= Bob Kraushaar =

Bob Kraushaar is an English pop music record producer specializing in mixing. Educated at Bancroft’s School, Woodford Green, Kraushaar has mixed and produced commercially successful songs and albums for numerous British and international artists. His first industry appointment was as a runner for Trevor Horn. He graduated to tape-operating at Marcus Studios but moved back to the SARM Studios when they expanded and equipped with SSLs. His first chart success came with Johnny Hates Jazz, and he was soon known as a mixing specialist having made his mark with ZTT artists such as Propaganda and Art of Noise. SARM's associated ZTT label was outputting multiple 12-inch singles requiring alternative versions, and many of these were mixed by Kraushaar.
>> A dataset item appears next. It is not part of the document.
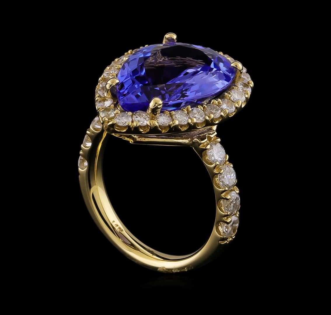 One electronically tested 14KT yellow gold lady's cast fashion ring with a cathedral halo with a bright polish finish. The featured lady's ring has a shank measuring 3.10 millimeters wide. Identified with markings of "14K". Condition is new, good workmanship. Containing: One prong set pear modified brilliant cut natural tanzanite, measuring 17.54 x 12.40 x 6.07mm, approximate weight of 9.00 ct., clarity is eye clean, medium, moderately strong, violetish blue color, (GIA vB 5/4), cut is very good. Transmitting light with no distortion, transparent. Colored gemstones are presumed to have been subjected to commonly used enhancement processes. Graded in the setting. Twenty-Four prong set round brilliant cut diamonds, measuring 2.00 - 1.95 x 1.23mm (depth est.) approximate total weight of 24 Stones = 0.72ct. Graded in the setting. Clarity: SI-1 to I-1. Color: H - I. Cut Good Eight prong set round brilliant cut diamonds, measuring 3.00 - 2.95 x 1.85mm (depth est.) approximate total weight of 8 Stones = 0.80 ct. Graded in the setting. Clarity: SI-2 to I-1. Color: G - Good. Total Weight of Colored Stones 9.00 ct. Total Weight of Diamonds 1.52ct. Total Weight of Ring 8.60gm. GAS Appraised.

He went on to work with Paul McCartney, ABC, The Human League, Erasure, and perhaps his most regular client, Pet Shop Boys. 1985 saw Kraushaar mixing "Intermission (The Gods are Bored)", a track on Anne Pigalle's album Everything Could Be So Perfect.

His first UK No. 1 chart credit for production, recording, and mixing was with Marc Almond and Gene Pitney's duet, "Something's Gotten Hold of My Heart" for Parlophone/Some Bizzare in 1989.

Although best known for his work in pop, Kraushaar's credits also include several harder-edged artists such as Public Image Limited (Happy?), Gang Of Four (mixing on Mall and Shrinkwrapped), Apoptygma Berzerk and The Fatima Mansions.

As well as mixing an album for Mediaeval Baebes, Kraushaar has mixed a Liberty X single (featuring Run DMC) and tracks for Erasure's Andy Bell, The Cinematics (with Stephen Hague), Onetwo, and Another Language.

As NorthxNWest, a collaboration with Chuck Norman, Kraushaar's remixes and productions are featured on Shirley Bassey's album Get the Party Started. The single "Get the Party Started" was produced by Catherine Feeney, Nikki Lamborn, Kraushaar, and Chuck Norman.

In 2008, Kraushaar achieved further chart success by mixing the Cologne-based dance trio Blank & Jones, who entered the official German sales charts at #42 with their album The Logic of Pleasure.

Kraushaar also worked on tracks for Apoptygma Berzerk's Rocket Science. In 2010, Kraushaar mixed Kim Wilde's Come Out and Play.

A UK release in February 2011 by Claudia Brücken had six of the tracks engineered and mixed by Kraushaar.

In 2011 Kraushaar was again in the studio with Pet Shop Boys, mixing the score of the ballet, The Most Incredible Thing.